My first go-to move is quite similar to Anne Lamotte's. I stuff my face with the remaining pizza rolls that are now cold and kind of disgusting and then go off and do just about everything but my paper. So basically this is the stage of denial.
This could include a range of different fun activities, such as dusting my ceiling fan, reorganizing the family shoe closet, scrapbooking, knitting a hat, fixing all the crooked pictures around the house, browsing cute puppy boards on Pinterest, the list is endless. It's really quite exciting to see how many ways I can come up with to waste my time.
This goes on for a while.. basically until I start to notice how screwed I am. Panic starts to set in, there's a period of cussing out the assignment, tears are shed, and I start to make deals with God for snow days in exchange for me not getting road rage on the way to school.
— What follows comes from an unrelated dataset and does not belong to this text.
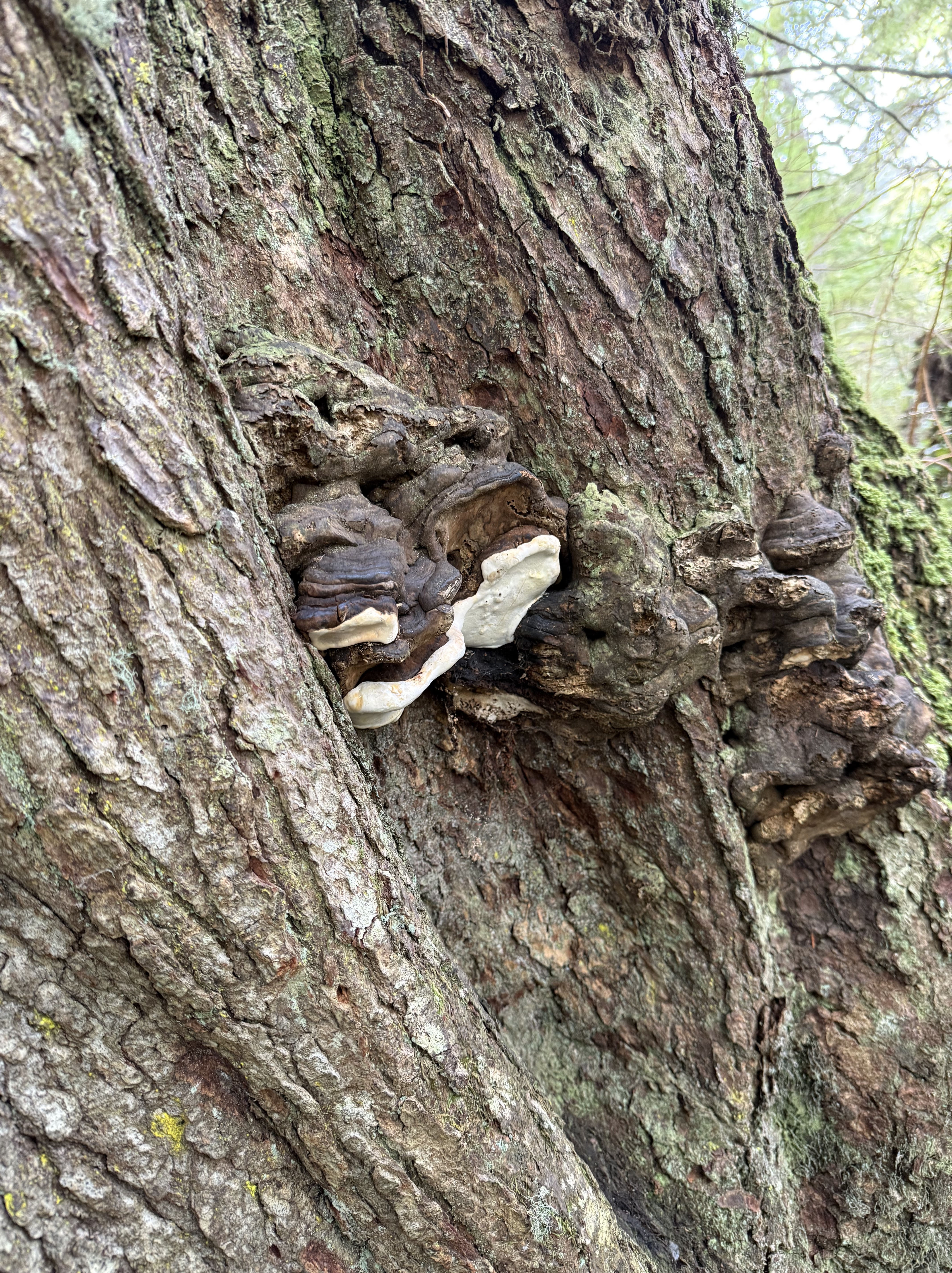 Plate 11. I don’t know if this living (it looked healthy to me) tree was stressed or not, but CoPilot thinks these are perennial bracket fungi, which favor environmentally stressed conifers. There were only a few on this tree. I noticed that this forest didn’t show nearly as many signs of decay as Quinault Rainforest, despite its exposed location.

So you could say it's a mesh of anger, bargaining, and depression.
*Me when I come back from procrastinating and realize the paper hasn't written itself*
After I get over myself and realize that none of this is actually going to write my paper for me, I sit back down and start googling the shit out of things. I'm usually good at getting things done under pressure, so I whip out a decentish draft.
Then I like to do this thing where I hit print and pretend the assignment never existed.